3. A layer-by-layer solidification forming apparatus according to claim 1, characterized in that the flow guide tube (4) is omitted and the crucible (2) is directly connected to the mould (7).

4. A layer-by-layer solidification forming apparatus according to claim 1, characterized in that the mould (7) is directly connected to the sleeve (9).

5. A layer-by-layer solidification forming apparatus as claimed in claim 1, wherein the mold (7) is a cooling mold or a temperature-controlled mold;

wherein the temperature control casting mould is at least one of a low-heat casting mould, a heating casting mould, a two-phase zone casting mould, a ladder temperature casting mould or a heat-cold combined casting mould.

6. A layer-by-layer solidification forming apparatus according to claim 1, characterized in that the stopper (1), the crucible (2), the heating device (3), the flow guide (4), the temperature control device (5), the temperature measuring device (6), the casting mold (7) and the heat insulating pad (8) are placed in a vacuum, nitrogen-filled or inert gas-protected environment.

7. A layer-by-layer solidification forming apparatus according to claim 1, characterized in that no heating means (3), no sleeve (9), or no secondary cooling means (12) are installed.

8. A layer-by-layer solidification forming apparatus as claimed in claim 1, wherein the semi-continuous casting or continuous casting is performed by at least one of a top-down type, a horizontal type or an inclined type, or the ingot bar (11) and the traction mechanism (13) are eliminated for die casting by manual control, computer control or intelligent control; the primary cooling device (10) or the secondary cooling device (12) adopts at least one of a conformal cooling mode or a fixed-position cooling mode, and the adopted cooling medium is at least one of circulating water, low-melting-point metal or gas.

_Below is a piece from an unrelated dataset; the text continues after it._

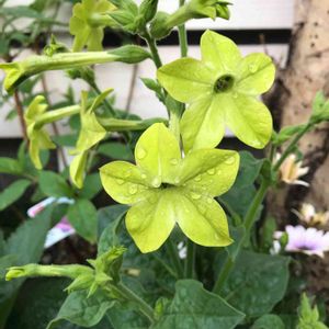 庭で年中咲いていて、花の色が変わっていき、花持ち良し、葉は常緑 雨になると香りがするそうです。 植えてみようかな? 花屋ではライムグリーン色を見ました。 夜になると香るのかも。 確かめてみたい! 友人の庭にて 🌸ニコチアナ🌸

9. Layer-by-layer solidification forming method using a layer-by-layer solidification forming apparatus according to any one of claims 1 to 8, characterized in that the layer-by-layer solidification forming method comprises the steps of:

step one: the dummy bar head of the dummy bar (11) is adjusted to be level with the temperature measuring device (6), a stopper rod (1) is adopted to block a discharge hole of the crucible (3), a heating device (4) is used for melting metal raw materials into metal melt in the crucible (3), and a secondary cooling device (12) is started;

step two: opening a temperature control device (5) to regulate and control the temperature of the casting mould (7), and controlling the temperature of the casting mould (7) within the temperature range of the cooling casting mould or the temperature control casting mould;

step three: lifting the stopper rod (1) to perform casting, and when the metal melt is cast to the position of the casting mould (7) which is flush with the position of the temperature measuring device (6), putting down the stopper rod (1), and starting the primary cooling device (10) to solidify the metal melt in the casting mould (7);

step four: starting a traction mechanism (13) to drive metal in the casting mould (7) to move towards the outlet direction of the casting mould (7), and closing the primary cooling device (10) when the upper surface of the metal in the casting mould (7) is level to the position of the temperature measuring device (6);

step five: and repeating the steps three to four, wherein the metal in the casting mould (7) is driven by the traction mechanism (13) to continuously move towards the outlet direction of the casting mould (7), so that semi-continuous casting or continuous casting is realized, and finally, a high-quality high-performance metal casting blank is obtained.

10. A metal cast slab prepared by a layer-by-layer solidification molding method according to claim 9.